Built for developers who want:
- Privacy – Your code never leaves your machine
- Zero subscriptions – Run entirely on local models (no monthly fees)
- Flexibility – Switch between local and cloud LLMs as needed
Works offline with local models or integrates with OpenAI-compatible APIs. Your data, your infrastructure, your choice.
Key features: Local embeddings • Fast vector search (HNSWLib) • SQLite metadata • JWT auth • HTTP API • Single JSON config
Download release | Quick start
GitHub Copilot: $10–20/month, cloud-only, limited customization
PhenixCode: Free with local models or your own APIs, fully customizable
Note: PhenixCode focuses on chat-based code assistance, not inline code completion.
Core Functionality:
- Lightweight tokenization
- Smart chunking with overlap
- Local embeddings (llama-server + any choice of embedding model)

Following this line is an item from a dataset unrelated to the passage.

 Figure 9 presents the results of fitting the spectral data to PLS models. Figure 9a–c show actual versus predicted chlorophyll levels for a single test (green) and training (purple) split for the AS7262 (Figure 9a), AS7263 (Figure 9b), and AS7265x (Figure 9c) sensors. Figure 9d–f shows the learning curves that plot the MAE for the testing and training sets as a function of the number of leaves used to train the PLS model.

- Both local and remote completion models of your choice
- Fast vector search (Hnswlib with cosine similarity)
- Metadata storage (SQLite)
- Incremental updates with file tracking
- CLI + HTTP API
API & Server:
- HTTP API server (httplib)
- REST endpoints (/api/search, /api/chat, /api/embed)

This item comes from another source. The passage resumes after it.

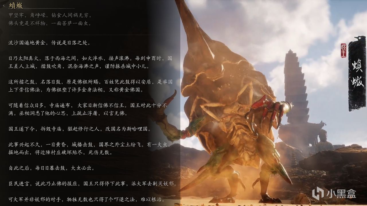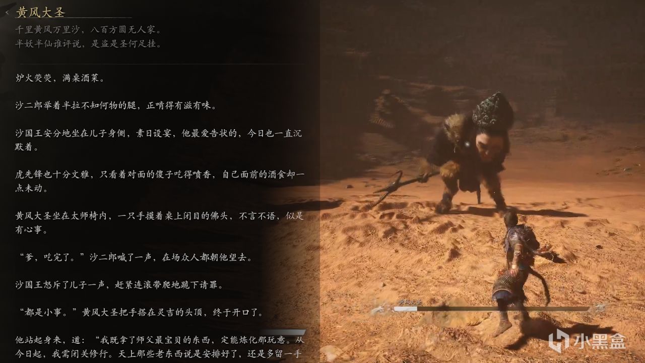 爲了能正常交談,天命人在定風莊的荒村中,爲其找來了一塊醒酒石。誰料這豬怪不識好歹,又要先去臥虎寺填飽肚子,只能隨他前去。喫飽喝足後,他談到消失的黃金之國估計就藏在此地,可能啊與那黃風怪也有干係。約定好在初見處碰頭,他想用來時大哥給的金片試上一試。

- Metrics endpoint (JSON + Prometheus format)
- Health checks
- Graceful shutdown
Security:
- JWT token authentication
- Password management (CLI-based)
- Protected admin endpoints
- Hashed password storage
Deployment & Operations:
- Console setup wizard (interactive)
- Web setup wizard (password protected)
- Service installation scripts (Windows/Linux/macOS)
- Structured logging (output.log + diagnostics.log)

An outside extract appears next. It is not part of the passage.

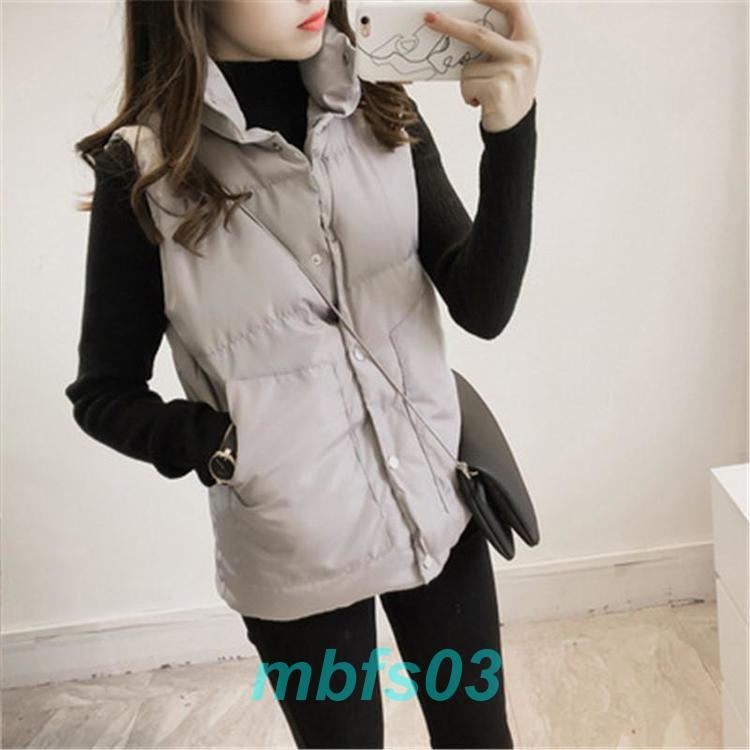 中綿ベスト ベスト レディース ショート丈 中綿ジャケット 薄手 ノースリーブ 秋冬 無地 防風 防寒 着痩せ 通勤 オフィス OL ベスト

- Auto-start on boot (systemd/NSSM/LaunchAgent)
- Release packaging (build_rel scripts)
Configuration:
- Template-based settings.json
- Environment variable overrides
- CLI parameter support
- Multiple source types (directories, files, URLs)
- Download the latest release for your platform
- Extract the package. The included
settings.jsonis pre-configured for a local, private setup. - Start Local LLMs: Since the default configuration uses local models, you must start the necessary servers first.
The simplest way is using llama-server (or a similar tool):
# 1. Start Embedding Server (e.g., CodeRankEmbed)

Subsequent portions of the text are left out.